Why Wellington’s Green Deputy Mayor voted against tripling cycleway budget

Wellington City councillors are cooling off after a “shambles” of a budget meeting yesterday, but some of the biggest fallout is over why the Deputy Mayor voted against tripling the cycleway budget.

It was all to do with an amendment by climate change portfolio leader councillor Tamatha Paul.

She wanted to increase the existing proposed cycleway budget to up to $200 million. Currently the proposed capex spend is $61 million over the next 10 years.

For a moment it looked like Paul might have got the numbers, which would have drastically changed the Mayor’s draft Long Term Plan and pushed the city past its proposed 225 per cent debt-to-income ratio.

But in the end, it was narrowly voted down 8-7, with Green ticket Deputy Mayor, and cycling portfolio leader, Sarah Free tipping the scales.

She told the Herald this afternoon she was very concerned adding such a large amount to the cycleway budget would create both financial and deliverability risks.

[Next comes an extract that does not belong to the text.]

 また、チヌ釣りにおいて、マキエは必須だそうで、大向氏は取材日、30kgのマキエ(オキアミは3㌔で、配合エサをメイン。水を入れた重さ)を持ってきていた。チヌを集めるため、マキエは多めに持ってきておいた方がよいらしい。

Free said council officer advice was clear such an increase put into question the availability of materials as well as both industry and internal capacity.

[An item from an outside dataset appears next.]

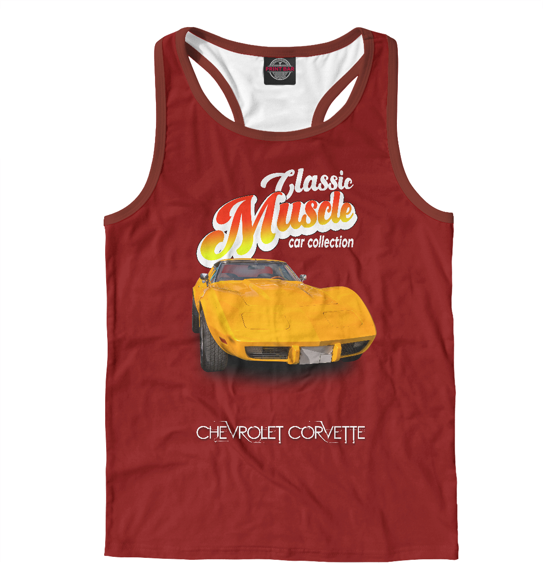 Мужская майка-борцовка с принтом «Маслкар Corvette на красном фоне»

“There was a risk of over-promising on something we would struggle to deliver.”

She also noted myriad cost pressures facing the council including water pipes, insurance costs, the Central Library, Civic Square, social housing, sludge treatment, key city venues, and further investment in Let’s Get Wellington Moving.

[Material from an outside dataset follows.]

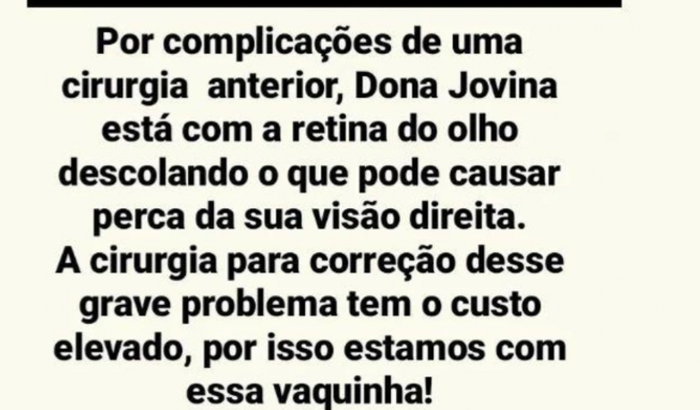 Boa tarde! Por complicações de uma cirurgia anterior, Dona Jovina ( minha mãe de 71 anos)está com a retina do olho direito descolando o que pode causar cegueira irreversível. A cirurgia para correção desse grave problema tem o custo elevado, e infelizmente não conseguimos a ajuda da prefeitura, por isso estamos criando essa vakinha pois a cirurgia é urgente, cada dia que passa é uma chance a menos dela recuperar um pouco da visão. Conto com a ajuda de cada um de vocês, desde já agradeço do fundo do coração 💓🙏

Free also wanted to keep some debt headroom for future spending.

She maintained she has an unswerving commitment to delivering cycling infrastructure for the city, pointing to examples on Hutt Rd, Oriental Bay and the Evans Bay coastal route.

“But my experience shows that a steady, concerted effort is the way to go, building community buy-in and support along the way.”

Green Southern Ward councillor Laurie Foon initially indicated to her colleagues that she could also not support Paul’s proposal.

She told the Herald she was concerned the move would result in the council taking on much higher debt than advised by officers.

“Putting the city into more debt at this time doesn’t sit well deep in my gut as we are hearing about councils, like Auckland, who have had big consequences through doing this.”

Foon also said she learnt through running her own business the risks of moving too fast.

“There is also still a lot of work to do to help people understand that sharing our street space is for the common good and delivers equity.”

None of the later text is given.